Not all of my requirements have been satisfied, but I’m content for now and fairly confident that the code can be adapted to future needs. I’m also not too keen on making more invasive optimizations before I’ve decided on what kinds of workloads I want to optimize for and what direction I want to take the code in.

The Garbage Collector in Action

I’ve created a short visualization of the garbage collector in action to maybe explain in pictures what I’ve failed to make clear in text. It shows most of the steps the garbage collector takes when h.garbage_collect() is executed in the following simplified example. It starts out showing all steps, but gradually skips intermediary actions to not get too long.
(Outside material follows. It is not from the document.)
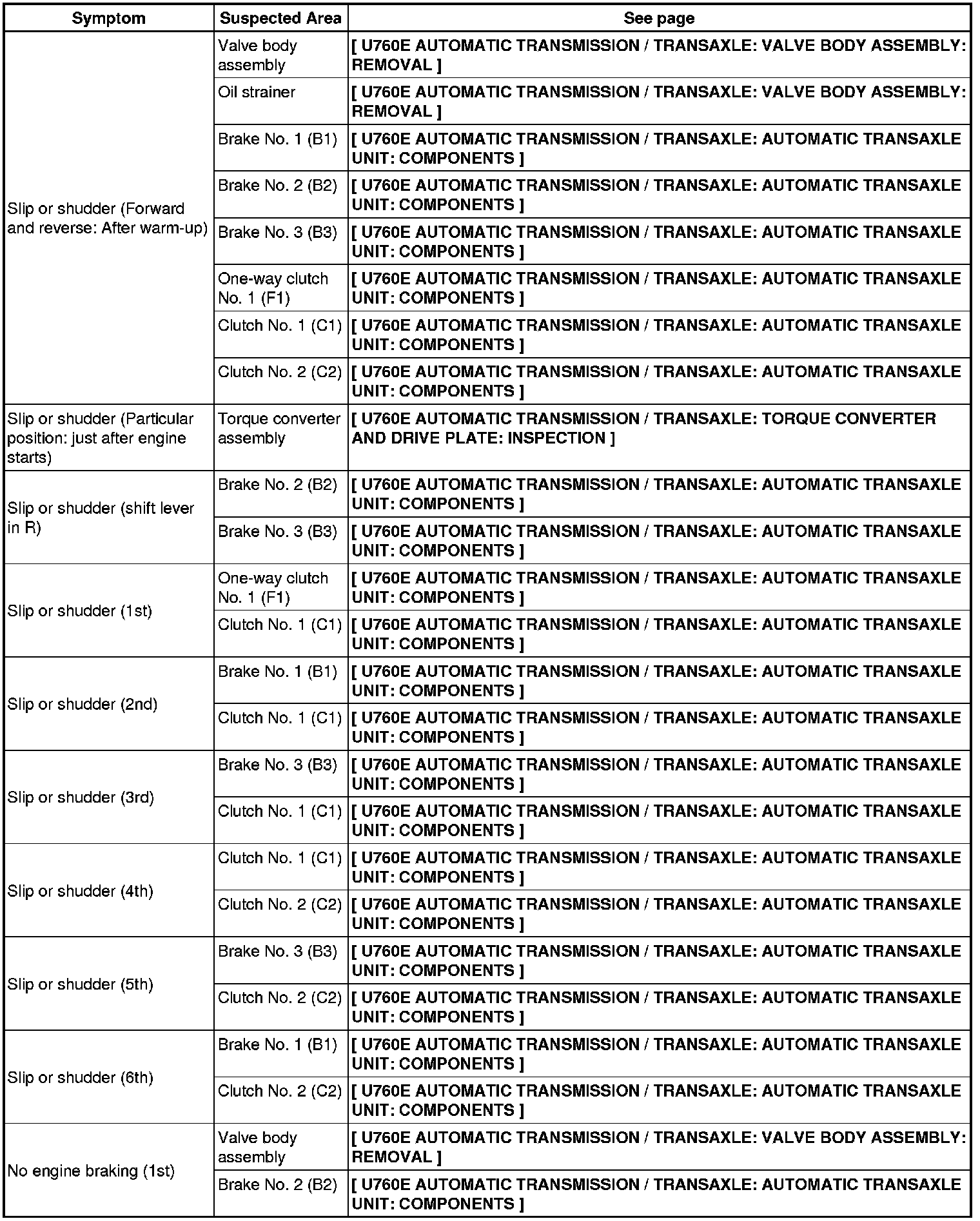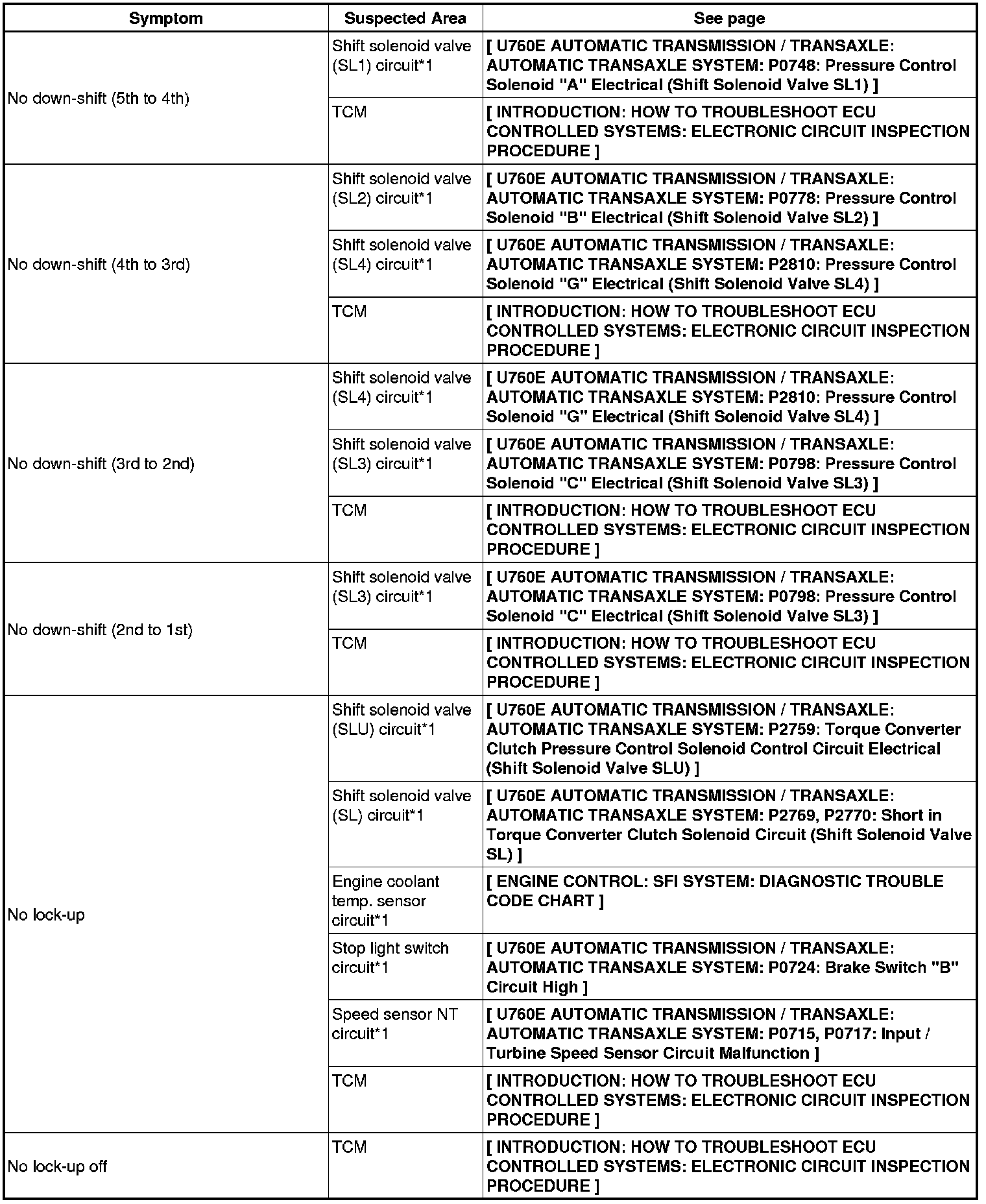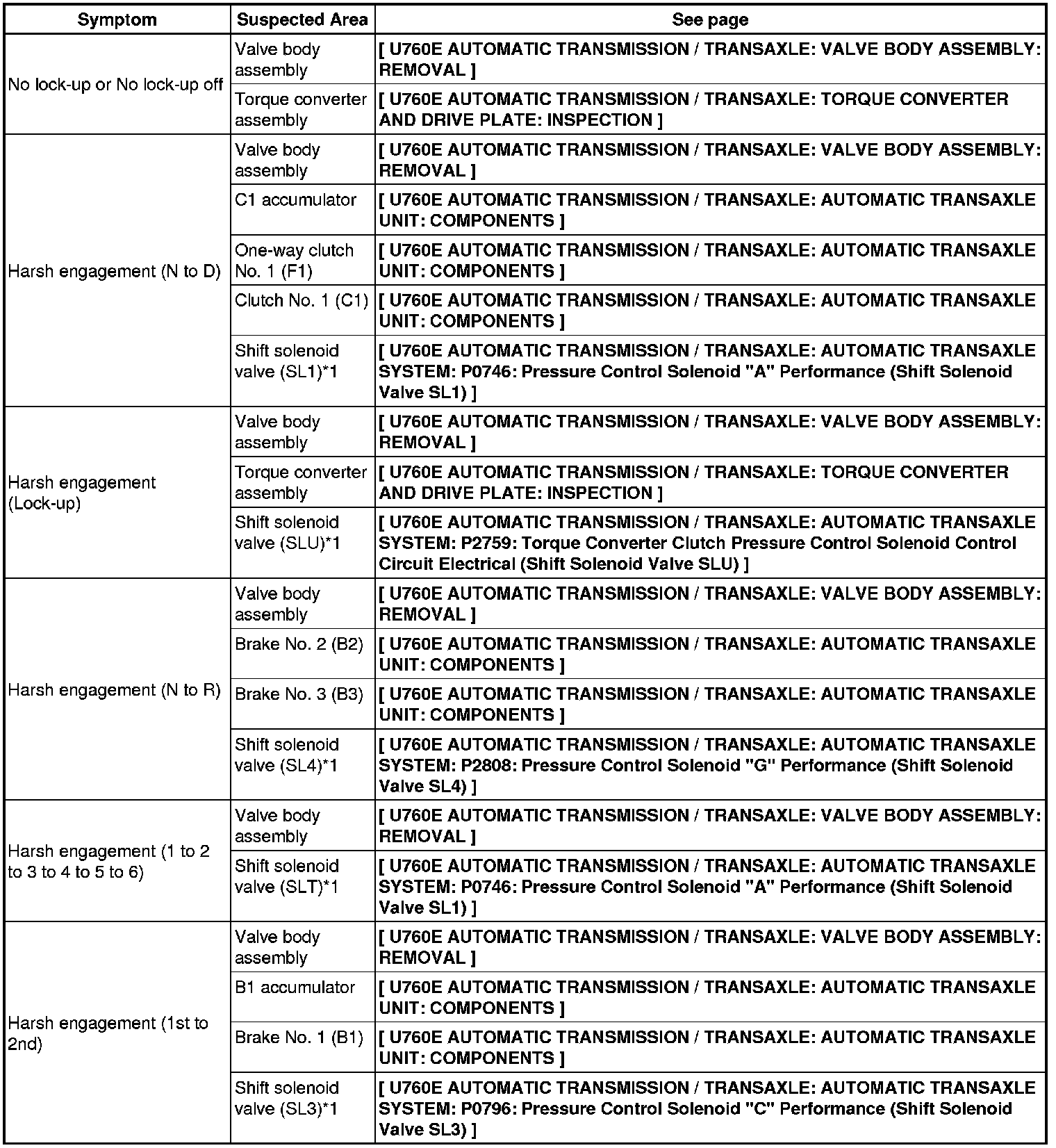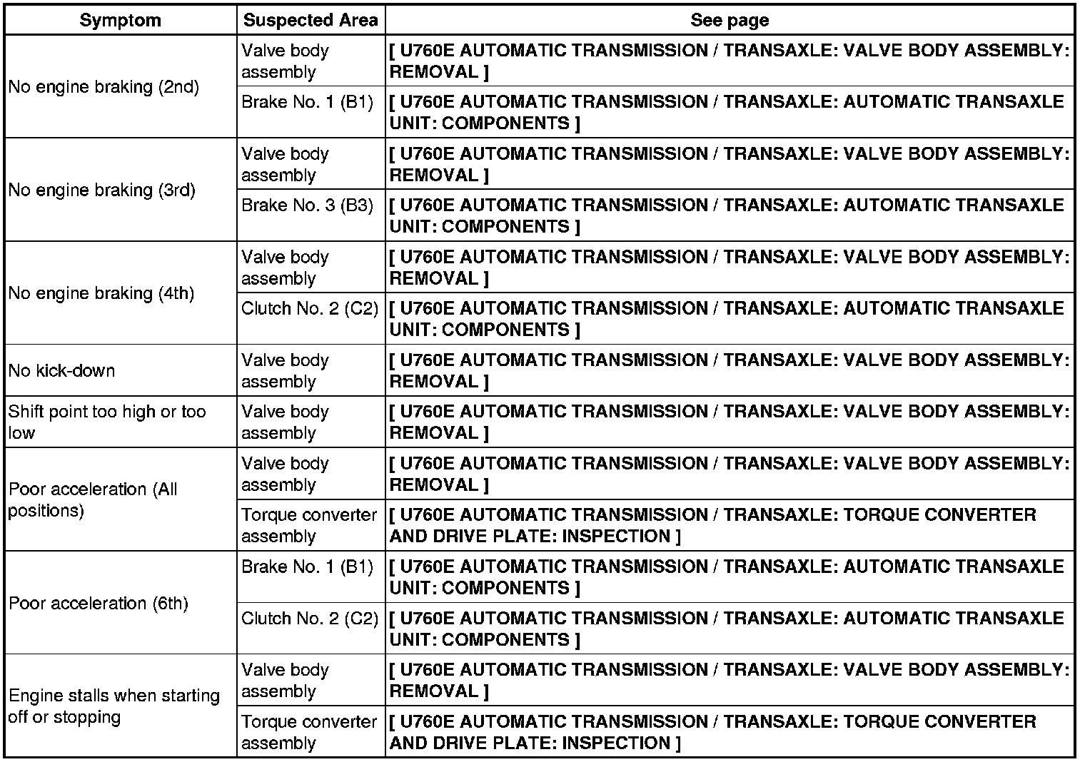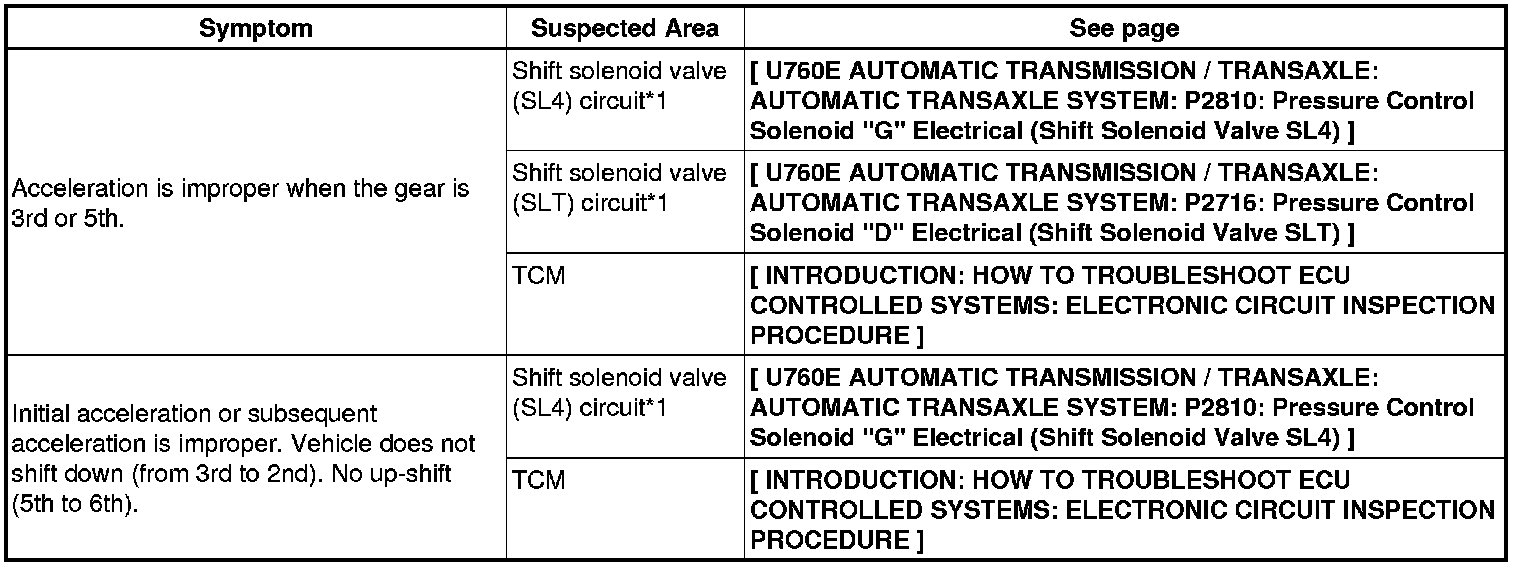 U760E AUTOMATIC TRANSMISSION / TRANSAXLE: AUTOMATIC TRANSAXLE SYSTEM: PROBLEM SYMPTOMS TABLE

// Simple gc-enabled class capable of holding a single (tracked) object reference
class test_obj {
public:
    explicit test_obj(const gc_heap_ptr<object>& p) : pointer(p) {}
private:
    gc_heap_ptr<object> pointer;
};

void vis() {
    // Create heap with 32 slots
    gc_heap h{32};

    // Leak a string (for show)
    string{h, "Leaked!"};

    // Create object "o"
    auto o = object::make(h,
        string{h, "Object"}, // Class name "Object"
        nullptr);            // No prototype

    // Set its [[Value]] to false
    o->internal_value(value{false});

    // Add a self-referencing property "K1"
    o->put(string{h, "K1"}, value{o});

    // And another property set to NaN
    o->put(string{h, "K2"}, value{NAN});

    // Create a "test_obj" instance referencing "o"
    auto c = h.make<test_obj>(o);

    // Collect garbage (see visualization)
    // There are two root pointers: to "o" (@0008) and "c" (@001a)
    h.garbage_collect();
}

For kicks I also created a squashed (and totally unreadable) video of the garbage collector running after interpreting an empty statement. This means it’s mostly the global object being moved.